I originally published this article on October 23, 2015 — two years before the 500th anniversary of the Protestant Reformation. A few minor points are therefore outdated, and would distract from the overall message unless I acknowledged their presence. That said, I pray this throwback will aid your understanding of why I celebrate Reformation Day.
The world may celebrate on October 31st for unholy reasons, but I see it as a day of rejoicing. On that day, 498 years ago, a little German monk changed world history simply because he believed the Bible.
As a young law student, Martin Luther abruptly changed course and entered a monastery, believing that St. Anne had protected him from a near-fatal lightening strike. Once he’d become an Augustinian priest, however, he found himself continually struggling to find assurance of salvation. He flung himself into fasting, penitence, and ritual, agonizing in his efforts to appease God. One of his mentors encouraged him to look to Christ alone. That, Luther could not do. He’d been taught, by the Church of Rome, that God’s favor must be earned (just as he had earned St. Anne’s protection in the storm by vowing to become a monk).
Seeing Luther’s bright intellect, his superiors sent him to Rome, where he began noticing that the vibrant faith of early Christians had been replaced by the dead rituals of Catholicism. Disturbed by this observation, he felt further alienation from God, though he continued his priestly duties.
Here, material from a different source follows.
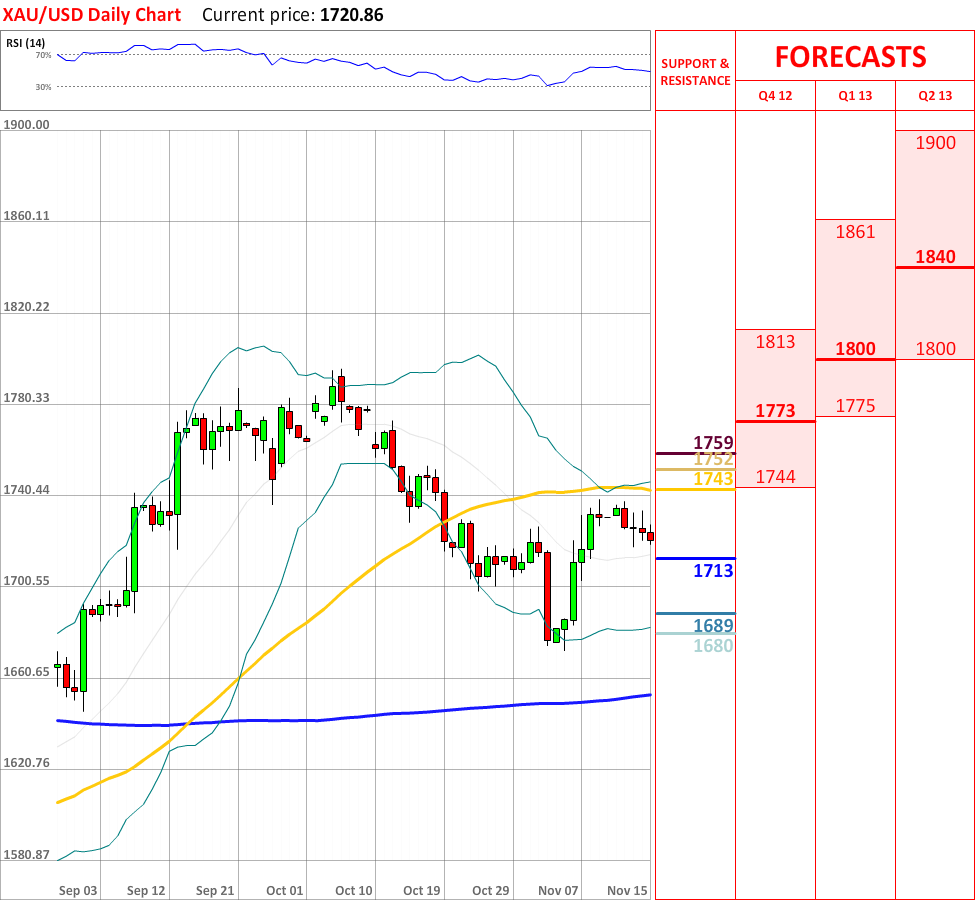 The interim downtrend, which started three days ago, has successfully managed to continue, as today the XAU/USD exchange rate experienced another consequent movement downwards, therefore supporting the current tendency. As for now, the price is facing the 20-day SMA at 1713, which might bring some bullish impetus, however, if it is breached, then the exchange rate will probably reach the lower Bollinger band at 1689, which in turn is expected to reverse the direction of the prevailing movement downwards. Additionally, the overall indicator outlook has changed to neutral, and it is expected to remain unchanged in the nearest future.

Upon arriving at the monastery in Whittenberg, Germany, Luther earned his doctorate in theology. This degree brought him into a teaching position at the University of Whittenberg. His preparations for his course on Paul’s Epistle to the Romans revolutionized his relationship with the Lord by convincing him that faith was the only criterion for salvation. He wrote:
My situation was that, although an impeccable monk, I stood before God as a sinner troubled in conscience, and I had no confidence that my merit would assuage him. Night and day I pondered until I saw the connection between the justice of God and the statement ‘the just shall live by faith.’ Then I grasped that the justice of God is that righteousness by which through grace and sheer mercy God justifies us through faith. Thereupon I felt myself to be reborn and to have gone through open doors into paradise. The whole of Scripture took on a new meaning…This passage of Paul became to me a gate to heaven.
Once Luther experienced the regeneration of the Holy Spirit, he grew even more troubled by the Roman church’s practices–particularly the practice of selling indulgences.